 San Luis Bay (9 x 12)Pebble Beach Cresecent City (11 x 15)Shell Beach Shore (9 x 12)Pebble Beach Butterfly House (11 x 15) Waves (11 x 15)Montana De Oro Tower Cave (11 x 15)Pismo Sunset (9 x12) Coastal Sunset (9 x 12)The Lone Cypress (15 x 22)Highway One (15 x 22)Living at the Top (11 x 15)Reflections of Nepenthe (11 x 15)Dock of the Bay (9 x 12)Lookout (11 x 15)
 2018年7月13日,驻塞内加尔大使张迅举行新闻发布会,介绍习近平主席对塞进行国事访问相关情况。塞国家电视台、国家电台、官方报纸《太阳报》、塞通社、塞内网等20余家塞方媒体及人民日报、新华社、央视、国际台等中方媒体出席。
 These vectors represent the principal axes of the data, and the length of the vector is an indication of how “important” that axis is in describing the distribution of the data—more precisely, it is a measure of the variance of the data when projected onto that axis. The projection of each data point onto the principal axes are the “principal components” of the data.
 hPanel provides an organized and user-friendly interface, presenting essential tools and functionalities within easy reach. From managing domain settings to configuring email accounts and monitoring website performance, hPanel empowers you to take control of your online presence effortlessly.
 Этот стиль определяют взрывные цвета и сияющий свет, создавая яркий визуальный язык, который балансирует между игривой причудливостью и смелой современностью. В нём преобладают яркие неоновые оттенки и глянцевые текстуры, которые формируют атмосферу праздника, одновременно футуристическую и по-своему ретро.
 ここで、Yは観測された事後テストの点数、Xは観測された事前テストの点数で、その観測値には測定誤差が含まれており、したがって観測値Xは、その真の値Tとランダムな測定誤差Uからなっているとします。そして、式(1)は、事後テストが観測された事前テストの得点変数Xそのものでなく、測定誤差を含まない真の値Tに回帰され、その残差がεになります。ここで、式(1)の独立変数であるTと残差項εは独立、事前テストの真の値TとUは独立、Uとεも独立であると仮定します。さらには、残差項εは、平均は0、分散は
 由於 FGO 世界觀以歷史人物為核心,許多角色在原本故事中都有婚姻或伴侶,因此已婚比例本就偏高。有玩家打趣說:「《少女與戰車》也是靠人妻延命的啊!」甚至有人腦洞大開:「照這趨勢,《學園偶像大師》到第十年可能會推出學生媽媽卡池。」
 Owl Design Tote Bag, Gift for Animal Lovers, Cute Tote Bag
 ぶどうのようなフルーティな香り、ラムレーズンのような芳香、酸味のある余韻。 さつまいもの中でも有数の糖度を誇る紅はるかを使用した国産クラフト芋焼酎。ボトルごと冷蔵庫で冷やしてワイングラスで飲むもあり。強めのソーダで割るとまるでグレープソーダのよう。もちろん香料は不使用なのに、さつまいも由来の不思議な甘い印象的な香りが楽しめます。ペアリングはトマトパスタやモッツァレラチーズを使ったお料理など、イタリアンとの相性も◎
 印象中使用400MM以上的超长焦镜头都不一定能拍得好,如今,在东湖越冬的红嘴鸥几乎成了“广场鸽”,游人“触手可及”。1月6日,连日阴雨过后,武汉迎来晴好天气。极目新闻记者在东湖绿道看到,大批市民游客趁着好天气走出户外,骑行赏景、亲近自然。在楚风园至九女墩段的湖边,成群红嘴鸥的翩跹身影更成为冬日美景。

---

## EXERCISE DESCRIPTION:
Give back exactly the lines of the listing, starting with the first and ending with the one bearing "2018年7月13日,驻塞内". Add no other lines.

## TASK RESPONSE:
 San Luis Bay (9 x 12)Pebble Beach Cresecent City (11 x 15)Shell Beach Shore (9 x 12)Pebble Beach Butterfly House (11 x 15) Waves (11 x 15)Montana De Oro Tower Cave (11 x 15)Pismo Sunset (9 x12) Coastal Sunset (9 x 12)The Lone Cypress (15 x 22)Highway One (15 x 22)Living at the Top (11 x 15)Reflections of Nepenthe (11 x 15)Dock of the Bay (9 x 12)Lookout (11 x 15)
 2018年7月13日,驻塞内加尔大使张迅举行新闻发布会,介绍习近平主席对塞进行国事访问相关情况。塞国家电视台、国家电台、官方报纸《太阳报》、塞通社、塞内网等20余家塞方媒体及人民日报、新华社、央视、国际台等中方媒体出席。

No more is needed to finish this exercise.